Top of Exercise data
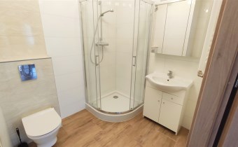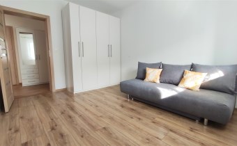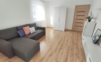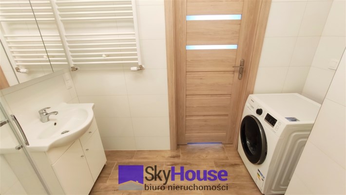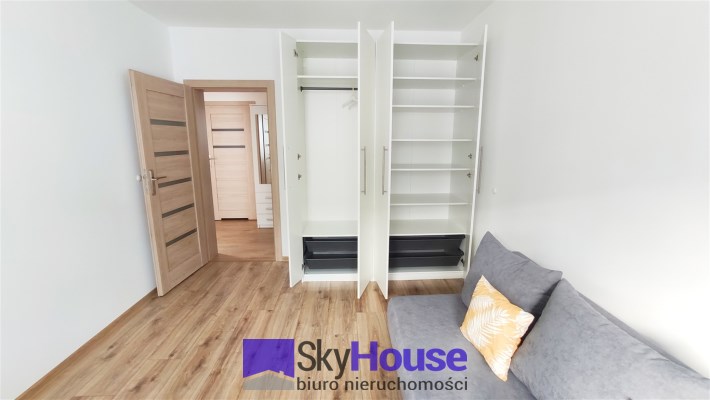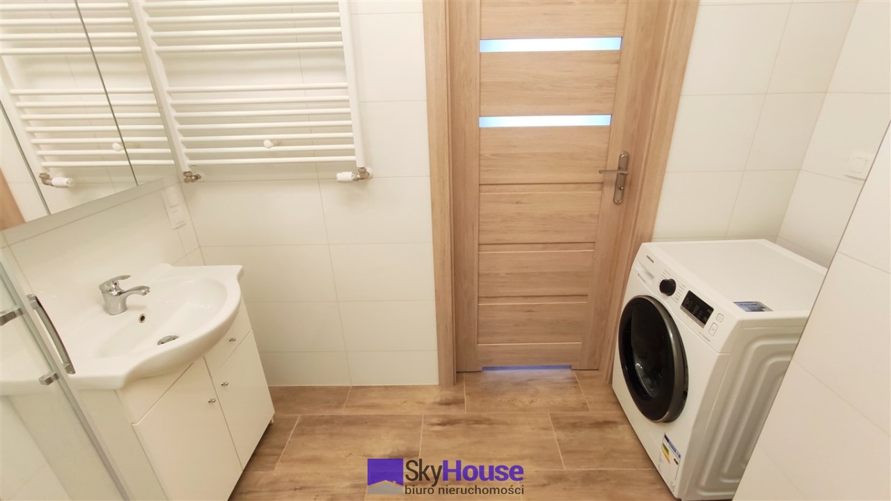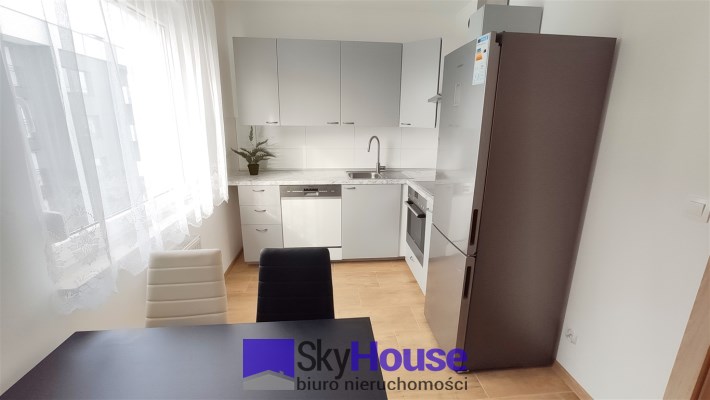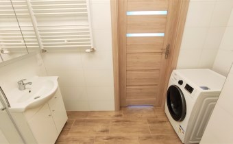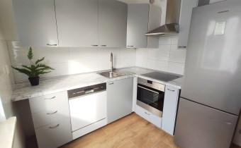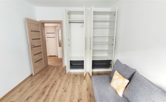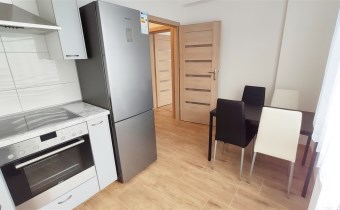 Mieszkanie jest w pełni wyposażone, umeblowane i gotowe do wprowadzenia. Kuchnia z meblami i sprzętem AGD (lodówka, piekarnik, płyta, zmywarka) oraz stołem z krzesłami. Dwa niezależne pokoje z rozkładanymi kanapami i meblami. Z większego pokoju wyjście na duży balkon. W przedpokoju dodatkowe miejsce do przechowywania rzeczy - wygodna szafa oraz komoda. Łazienka z prysznicem i pralką.
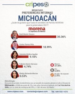 Los resultados del más reciente estudio de la encuestadora Cripeso han dejado claro que, de cara al proceso electoral de 2027, el senador Raúl Morón Orozco no solo lidera las preferencias, sino que se consolida como el único perfil capaz de garantizar la victoria absoluta para Morena en Michoacán.
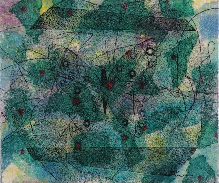 19 蝶 11.7x13.7 cm 銅版画をコラージュ、彩色、キャンバスボード 価格: 88,000 円(額・税込)
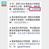 說明:預約報名入口開通提醒服務后,報名入口開通時會收到網校的提醒消息,以防各位考生遺忘或錯過報名。
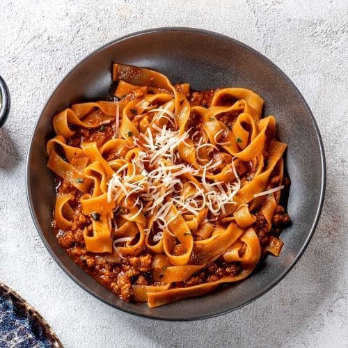 паста феттучини, фарш из мяса свинины и говядины, помидоры, сыр пармезан, лук, зелень
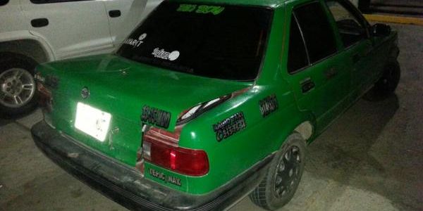 En el tramo Tepic-Crucero de San Blas, los agentes federales tuvieron contacto con un vehículo Nissan color verde, del servicio de transporte público local taxi, con placas de circulación 3335 MDD, conducido por un hombre de 23 años de edad.
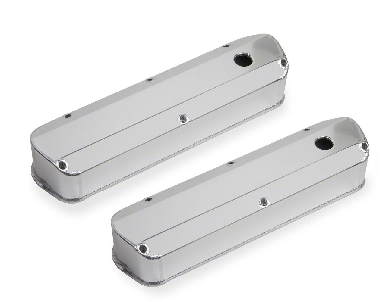 Mr. Gasket's aluminum valve covers are precision die cast for light weight and a perfect fit. Beautifully polished to a high luster, they are sure to enhance the appearance of any engine compartment. They feature an extended sealing lip to positively locate and secure the gasket and stop it from moving to eliminate oil leaks. Available with plain or ball-milled tops and include a 1 1/4 inch diameter breather hole, except where noted. Packaged two per set.
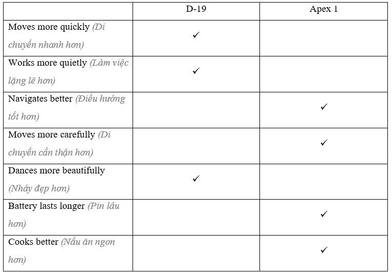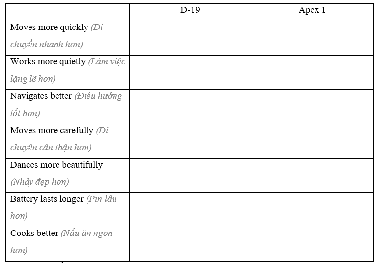 (Nhìn vào thông tin. Viết năm câu so sánh hai robot.)
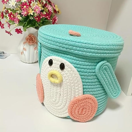 Jute Cotton Stripped Handcrafted Woven Planter Round Basket For Home Decore
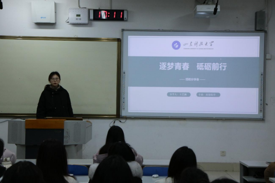 在J1-108举办了“聚合英才,榜样领航”宣讲活动第一讲——“逐梦青春,砥砺前行”,此次分享会由应用化学21-1班团支书王艺涵作为分享嘉宾。
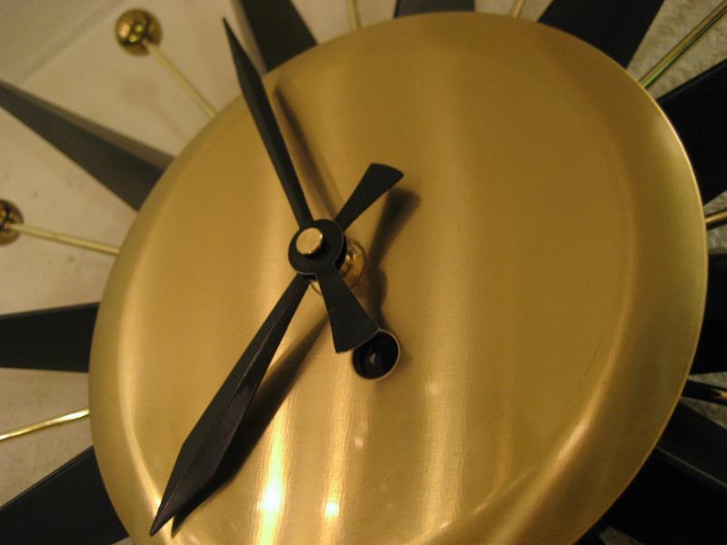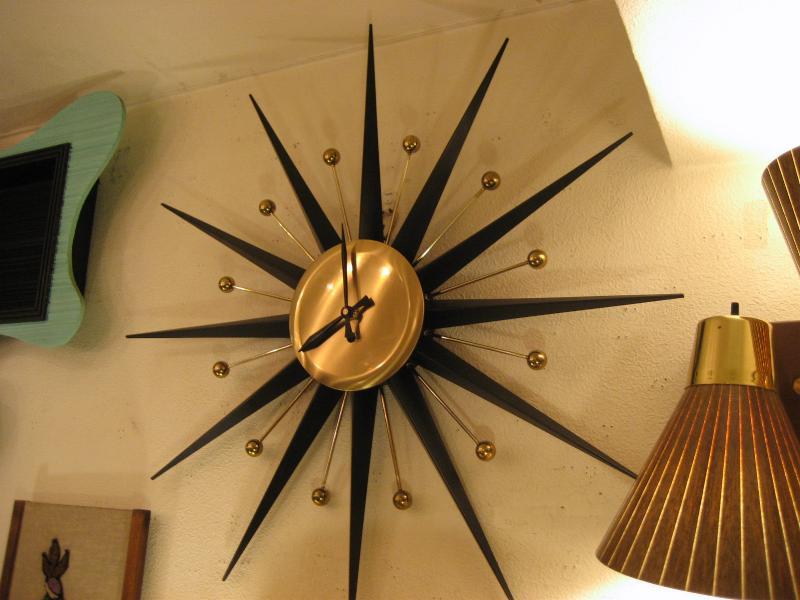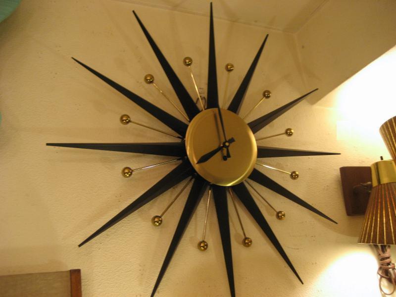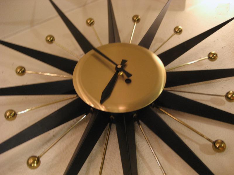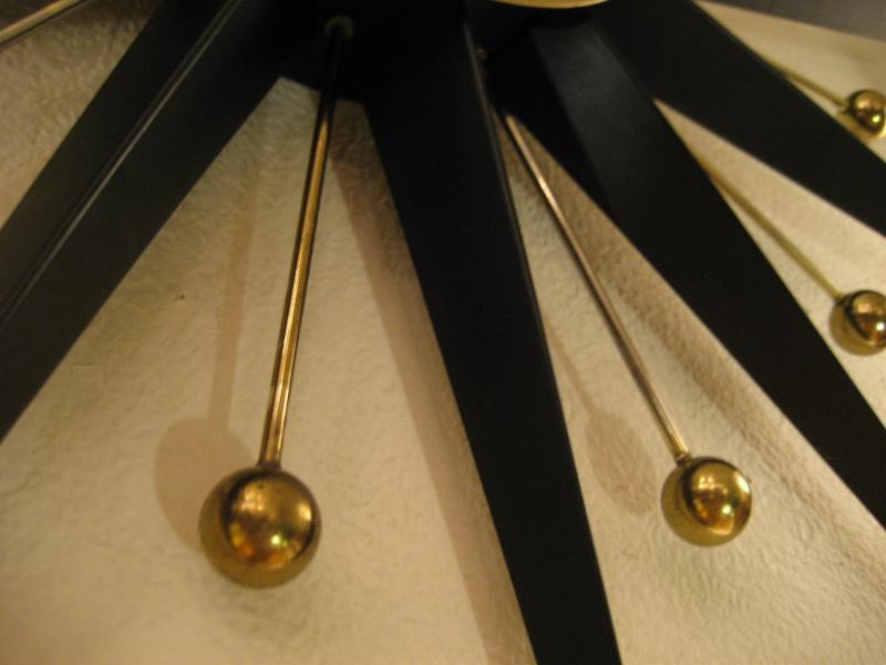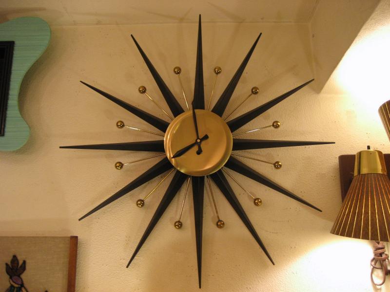 | アトミックスターバーストウォールクロック / 50年代 USA. ダイヤルなしのゴールド文字盤にブラックハンドがクールなスターバースト壁掛け時計。フレームはブラックとゴールドのツートーンでブラスメイドのスプートニクスポークアクセント。 ムーブメントはバッテリータイプ(単3x1個使用)に交換済みですので時間も正確です。 |
Bottom of Exercise data
▸ What you are asked to do: Everything from the line containing "Jute Cotton Stripped" through the last line of the entries must be repeated verbatim, except pictures.

▸ Response below:
 Jute Cotton Stripped Handcrafted Woven Planter Round Basket For Home Decore
 在J1-108举办了“聚合英才,榜样领航”宣讲活动第一讲——“逐梦青春,砥砺前行”,此次分享会由应用化学21-1班团支书王艺涵作为分享嘉宾。
 | アトミックスターバーストウォールクロック / 50年代 USA. ダイヤルなしのゴールド文字盤にブラックハンドがクールなスターバースト壁掛け時計。フレームはブラックとゴールドのツートーンでブラスメイドのスプートニクスポークアクセント。 ムーブメントはバッテリータイプ(単3x1個使用)に交換済みですので時間も正確です。 |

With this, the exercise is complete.